Scientific classification
- Domain: Eukaryota
- Kingdom: Animalia
- Phylum: Arthropoda
- Class: Insecta
- Order: Hymenoptera
- Family: Ichneumonidae
- Subfamily: Rhyssinae
- Genus: Megarhyssa
- Species: M. greenei
- Binomial name: Megarhyssa greenei Viereck, 1911

= Megarhyssa greenei =

- Genus: Megarhyssa
- Species: greenei
- Authority: Viereck, 1911

Species of wasp

Megarhyssa greenei, also known as Greene's giant ichneumonid wasp, is a species of large ichneumon wasp.
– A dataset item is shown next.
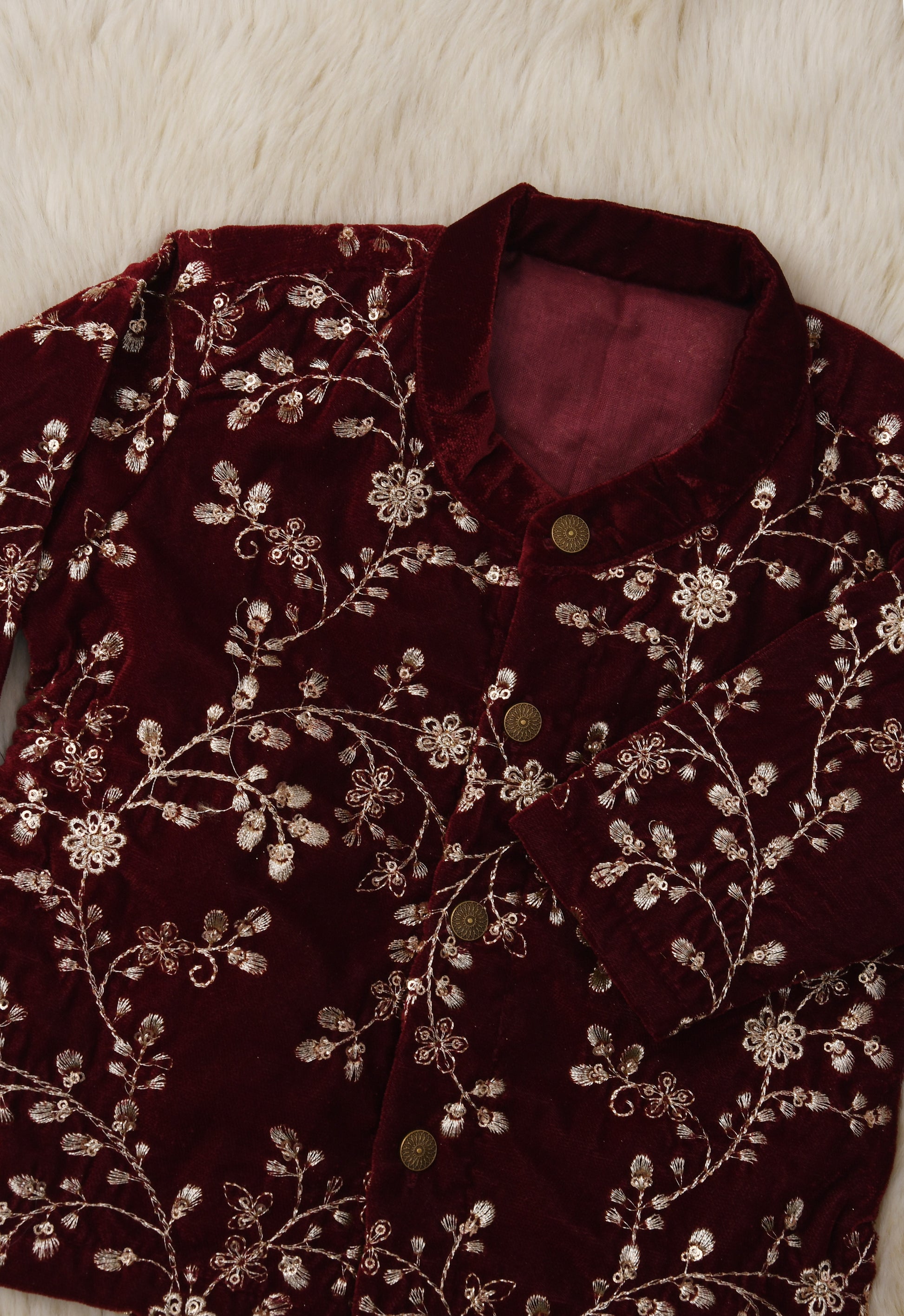 Maroon Velvet Kurta for baby boy ethnic top wear

It is known from the United States and Canada.

== Description and identification ==
It is very similar in appearance to Megarhyssa macrurus, but the latter species has a relatively longer ovipositor (about 2x the total body length, where greenei is only slightly greater than 1x), and usually has more extensive dark wing markings. M. greenei also lacks the dark striping on the face present on M. macrurus.

== Ecology ==
M. greenei is a parasitoid wasp, and its host is Tremex columba, a sawfly. Females must find a larva of this species, and lay an egg close by or on it. The larva of Megarhyssa devours it, it pupates under the bark of trees, and it emerges as an adult one year later.